For more details on who is considered a Covered Employer, and who is exempt, check out our ABCs of PFL.

And it’s important to know that Paid Family Leave is required by NY State for all private businesses with at least 1 employee. So even if you own your business and you only have 1 part-time employee, you have to provide Paid Family Leave. We’ll get into your employees in a moment.

Now that we’ve got that settled, let’s dive into the important things your business needs to know about Paid Family Leave.

 

#1. When does PFL start, and what does it cover?
Paid Family Leave officially begins on January 1st, 2018, though you could have started taking contributions from your employees as early as July 1st, 2017. Paid Family Leave rolls out in a series of stages between 2018 and 2021, as you can see from the chart below:

                                                                                      Maximum Benefit Amount***

Benefit Stage Effective Date*

Maximum Length of Paid Leave**

Payable % of Employee’s Average Weekly Wage (AWW)

To the Maximum % of NY Average Weekly Wage (NYSAWW)

$ Max based on current NY AWW of $1,305.92***

01/01/18

8 weeks

50%

50%

$653

01/01/19

10 weeks

55%

55%

$718

01/01/20

10 weeks

60%

60%

$784

01/01/21

12 weeks

67%

67%

$875

This chart is for leave taken in weekly increments. Leave taken in daily increments is based on the average number of days worked per week during the last 8 weeks before taking leave.
*While this is the anticipated schedule, New York State may delay implementation at its discretion.
**Total for all qualifying events per 52-week period from the first day of paid leave (and regardless of requalifying at a new employer during that period).
***NY Department of Labor releases the updated statewide AWW every March 31.


So the important thing to remember right now is that on January 1st, 2018, your eligible employees can take up to 8 weeks of leave time at 50% of their current salary capped at the New York State Average Weekly Wage (NYSAWW).

PFL is designed to help employees take the time they need for certain life events, including bonding with a new child (newborn, adoption, and fostering are covered), caring for a seriously ill family members, and for dealing with qualifying events related to having an active military family member. To learn more about these qualifying events, check out the ABCs of PFL.

On top of giving employees time off for specific reasons and partial-pay, it also protects their jobs. If an employee takes PFL and is out for an extended period of time, their job or one equal to it in pay and benefits must be waiting for them when they return. They are also entitled to receive health insurance at the same level, and same contribution level, they would if they were still working regularly.

To sum up, Paid Family Leave rolls out on 1/1/18, and benefits will be expanded each year through 1/1/21. In 2018, your employees will receive:

  • Up to 8 weeks of leave
  • Up to 50% of their salary, capped at the NYSAWW
  • Job protection
  • Regular health insurance (you still pay your contribution as if you were normally employed)

 

#2. Who do you need to cover?
Paid Family Leave isn’t just for full-time employees.

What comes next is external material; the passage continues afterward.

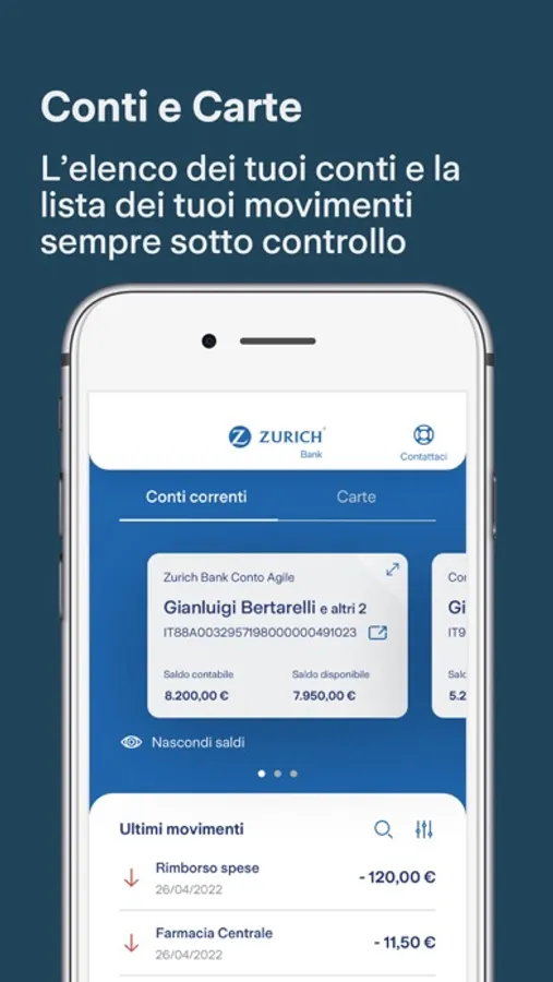 • Visualizzare il saldo dei tuoi conti correnti e lo storico, operazioni e movimenti

Part-time employees are eligible for PFL benefits as well. There’s certain criteria that all employees must meet before they can take PFL:

  • Employees who work less than 20 hours per week are eligible after 175 days of work for the same company.
  • Employees who work 20+ hours per week are eligible after they have been employed at least 26 consecutive weeks at the same company.

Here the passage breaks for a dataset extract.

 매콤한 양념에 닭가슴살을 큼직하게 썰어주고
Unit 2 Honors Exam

If you have personal staff working for you (like a nanny, gardener, maid, etc.), and they work at least 40 hours per week, they’re covered too. But right now we’re looking specifically at businesses, so we’ll move on.

When you hire a new employee, they will become eligible to take leave once they meet the above requirements, but you can start taking out pay contributions from their first paycheck. 

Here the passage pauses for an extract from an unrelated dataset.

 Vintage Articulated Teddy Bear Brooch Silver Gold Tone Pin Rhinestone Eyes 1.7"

Freelancers and contract workers may be eligible for PFL coverage with your company. See who’s not eligible/can’t be covered here.

 

#3. How do you implement payroll deductions, and when?
If you’ve decided to deduct PFL contributions from employees, now is the time to start preparing.  So, if you haven’t looked into this already, you’ll want to do it now. Since the pay contribution is based on each individual employee’s salary, it could become complex. Talk to your accountant, HR manager, payroll provider, or anyone else who works with your payroll and see if they have something in place already for Paid Family Leave.

If you don’t have someone in-house to handle the new payroll deductions, you might want to look into adding outside services to manage it for you.

When should you start taking payroll deductions for PFL? If you choose to deduct from employees, you have to start taking them on 1/1/18, but you can start earlier. If you decide to wait until the official start date, that’s fine, but you can’t retroactively collect payments for Paid Family Leave.   Plus, it’s important to make sure you deduct the correct amount from your employees.  PFL regulations state that any over collected premium must be returned to the employee.

 

PFL Expert Tip:  Even if you recoup PFL premiums via PFL contributions from your employees, you’re the one remitting the actual PFL premium to your insurance carrier. 
Want to see about how much PFL will cost your business?  Estimate your PFL premium here! 

 

 

#4. What do your employees need to know?
In a word, everything. Not only will your employees need to know who is covered and when, you should also make them aware of everything related to PFL, such as:

  • Payroll deductions amounts and reasoning
  • Benefits and protections of PFL
  • Uses of PFL (bonding, caregiving, military exigencies)
  • Eligibility requirements
  • Required paperwork

 

The responsibility for requesting and taking Paid Family Leave falls on the shoulders of your employees. That means that they are responsible for filling out forms, acquiring and providing the appropriate documentation, submitting their paperwork, and requesting time off in a reasonable manner.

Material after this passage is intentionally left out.